[INPUT RECORDS]

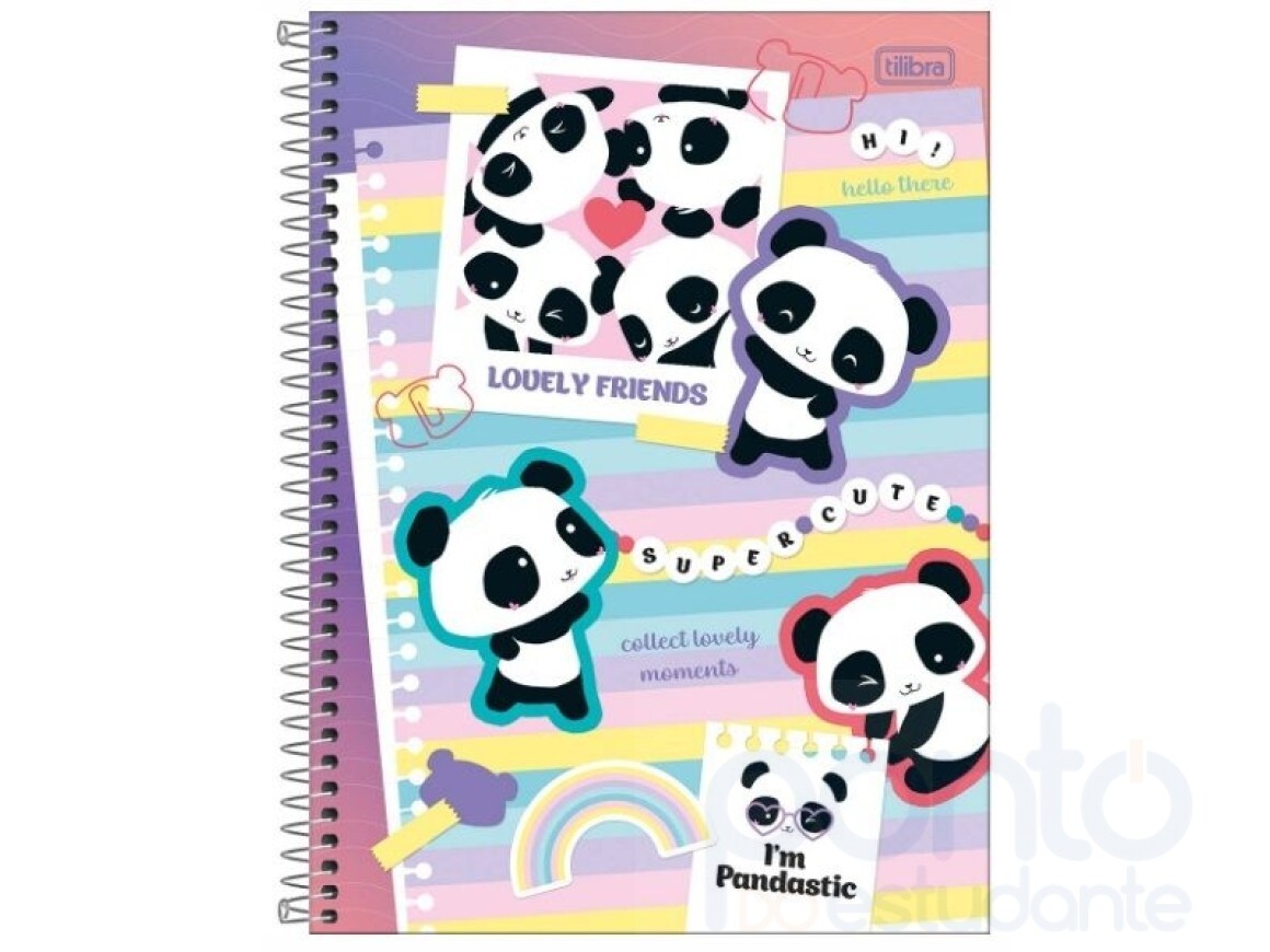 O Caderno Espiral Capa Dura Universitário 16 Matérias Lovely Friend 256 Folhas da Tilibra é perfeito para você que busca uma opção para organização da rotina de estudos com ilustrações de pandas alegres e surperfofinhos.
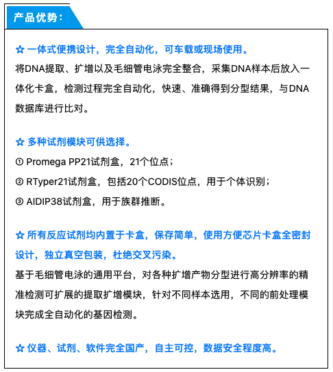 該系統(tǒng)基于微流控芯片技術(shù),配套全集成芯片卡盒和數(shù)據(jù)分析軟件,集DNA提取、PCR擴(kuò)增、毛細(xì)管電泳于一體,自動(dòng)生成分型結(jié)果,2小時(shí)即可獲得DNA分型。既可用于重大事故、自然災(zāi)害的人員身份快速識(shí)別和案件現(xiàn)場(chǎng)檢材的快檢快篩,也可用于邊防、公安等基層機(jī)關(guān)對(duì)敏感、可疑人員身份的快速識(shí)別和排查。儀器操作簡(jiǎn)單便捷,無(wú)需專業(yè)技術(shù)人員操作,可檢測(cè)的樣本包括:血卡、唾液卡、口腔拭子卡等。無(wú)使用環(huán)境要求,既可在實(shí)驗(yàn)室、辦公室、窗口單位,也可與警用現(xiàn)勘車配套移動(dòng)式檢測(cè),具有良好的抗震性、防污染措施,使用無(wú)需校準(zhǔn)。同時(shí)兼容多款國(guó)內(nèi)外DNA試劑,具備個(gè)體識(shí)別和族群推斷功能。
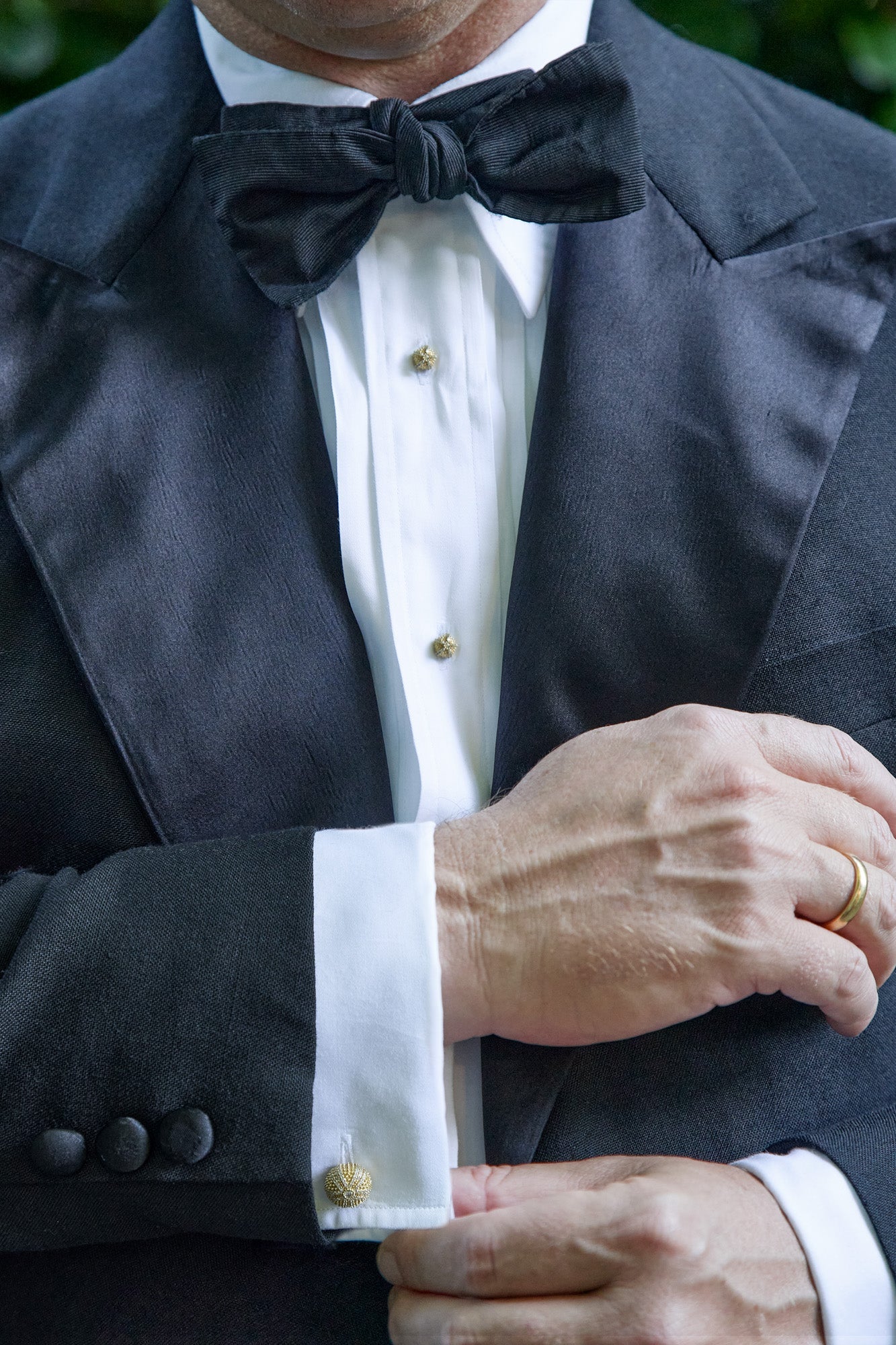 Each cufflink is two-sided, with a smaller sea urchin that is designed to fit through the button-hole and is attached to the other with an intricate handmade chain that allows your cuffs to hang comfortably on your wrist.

...

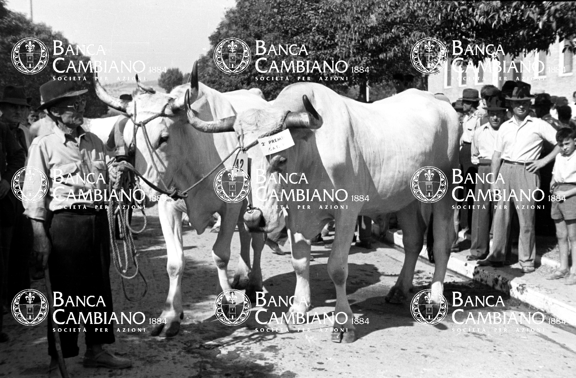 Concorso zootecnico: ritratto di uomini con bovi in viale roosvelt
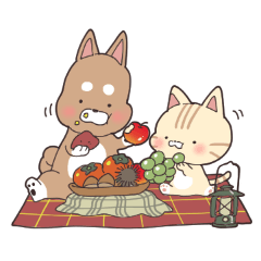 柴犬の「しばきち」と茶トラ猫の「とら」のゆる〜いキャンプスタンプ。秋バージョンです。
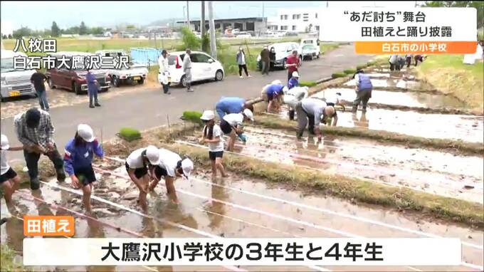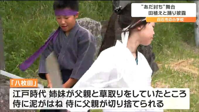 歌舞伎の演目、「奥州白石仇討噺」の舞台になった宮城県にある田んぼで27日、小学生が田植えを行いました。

==

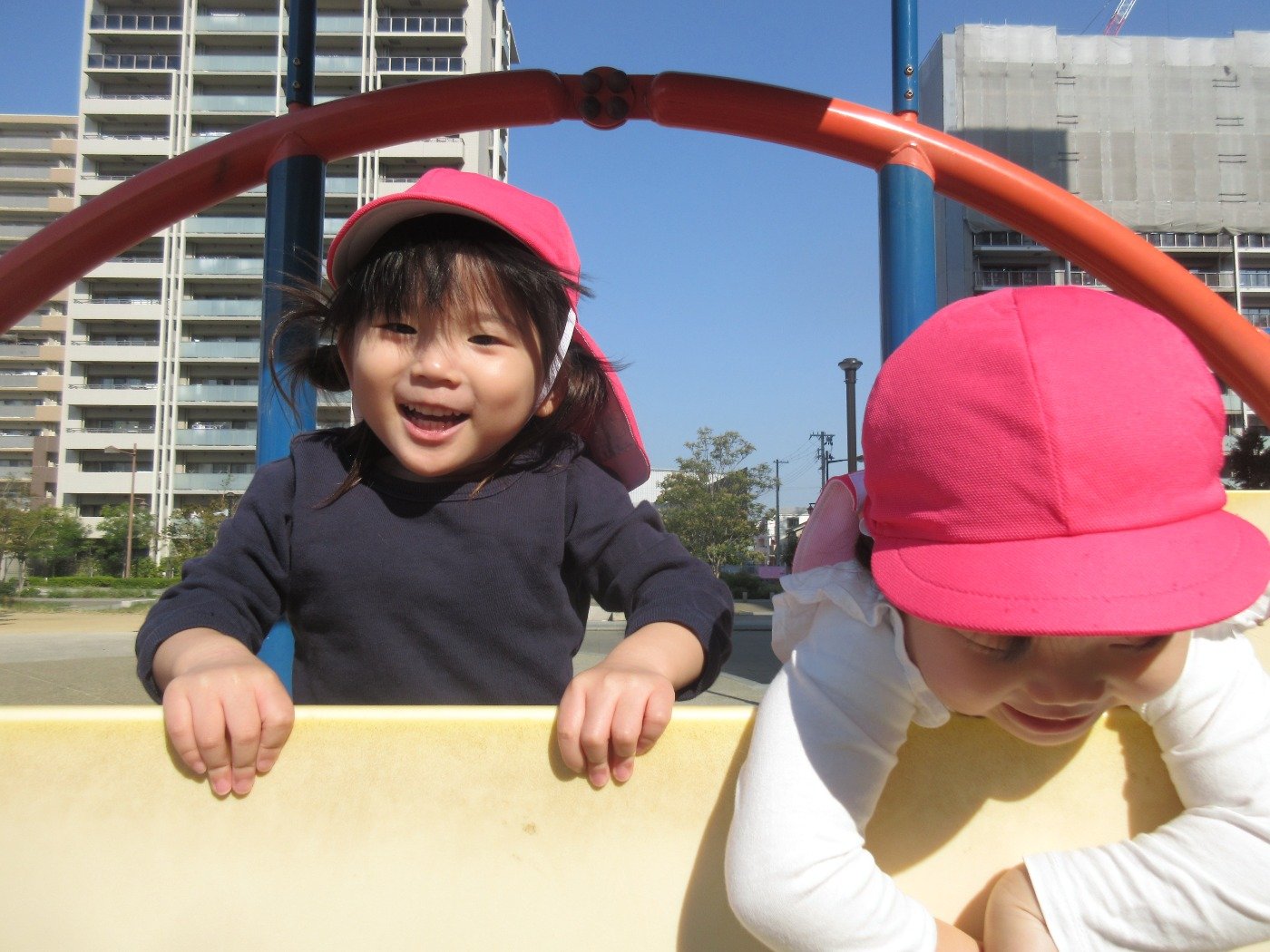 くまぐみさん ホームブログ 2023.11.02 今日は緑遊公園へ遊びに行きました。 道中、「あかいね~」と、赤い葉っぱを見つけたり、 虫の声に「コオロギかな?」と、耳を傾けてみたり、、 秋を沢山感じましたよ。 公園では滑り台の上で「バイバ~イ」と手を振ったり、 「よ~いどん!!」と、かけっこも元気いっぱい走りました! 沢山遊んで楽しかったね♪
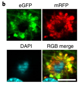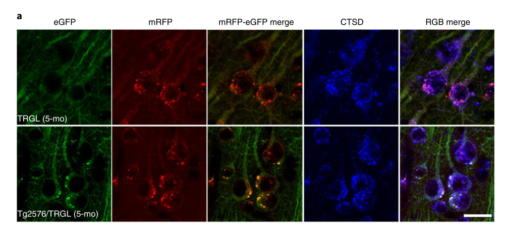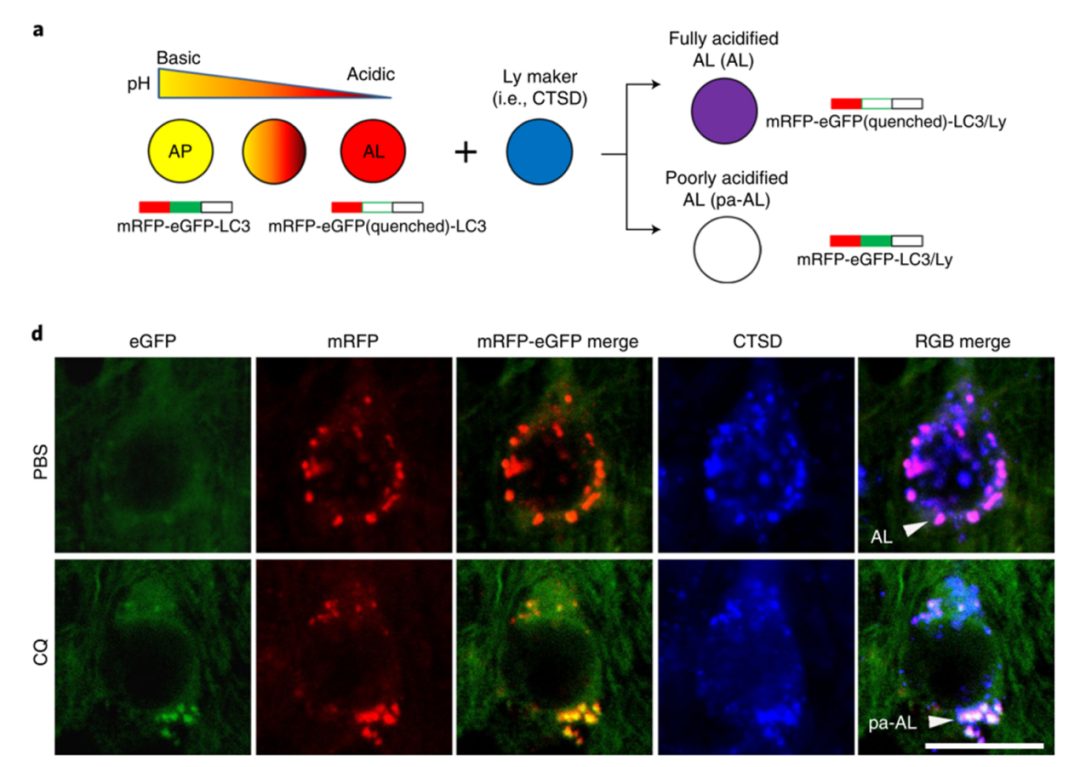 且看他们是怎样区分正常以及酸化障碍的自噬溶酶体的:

[TASK TO COMPLETE] Set down again, exactly, every line above from the one with "O Caderno Espiral" down to the one with "Each cufflink is", both ends included. No pictures, and nothing else.

[PROBLEM SOLUTION]
 O Caderno Espiral Capa Dura Universitário 16 Matérias Lovely Friend 256 Folhas da Tilibra é perfeito para você que busca uma opção para organização da rotina de estudos com ilustrações de pandas alegres e surperfofinhos.
 該系統(tǒng)基于微流控芯片技術(shù),配套全集成芯片卡盒和數(shù)據(jù)分析軟件,集DNA提取、PCR擴(kuò)增、毛細(xì)管電泳于一體,自動(dòng)生成分型結(jié)果,2小時(shí)即可獲得DNA分型。既可用于重大事故、自然災(zāi)害的人員身份快速識(shí)別和案件現(xiàn)場(chǎng)檢材的快檢快篩,也可用于邊防、公安等基層機(jī)關(guān)對(duì)敏感、可疑人員身份的快速識(shí)別和排查。儀器操作簡(jiǎn)單便捷,無(wú)需專業(yè)技術(shù)人員操作,可檢測(cè)的樣本包括:血卡、唾液卡、口腔拭子卡等。無(wú)使用環(huán)境要求,既可在實(shí)驗(yàn)室、辦公室、窗口單位,也可與警用現(xiàn)勘車配套移動(dòng)式檢測(cè),具有良好的抗震性、防污染措施,使用無(wú)需校準(zhǔn)。同時(shí)兼容多款國(guó)內(nèi)外DNA試劑,具備個(gè)體識(shí)別和族群推斷功能。
 Each cufflink is two-sided, with a smaller sea urchin that is designed to fit through the button-hole and is attached to the other with an intricate handmade chain that allows your cuffs to hang comfortably on your wrist.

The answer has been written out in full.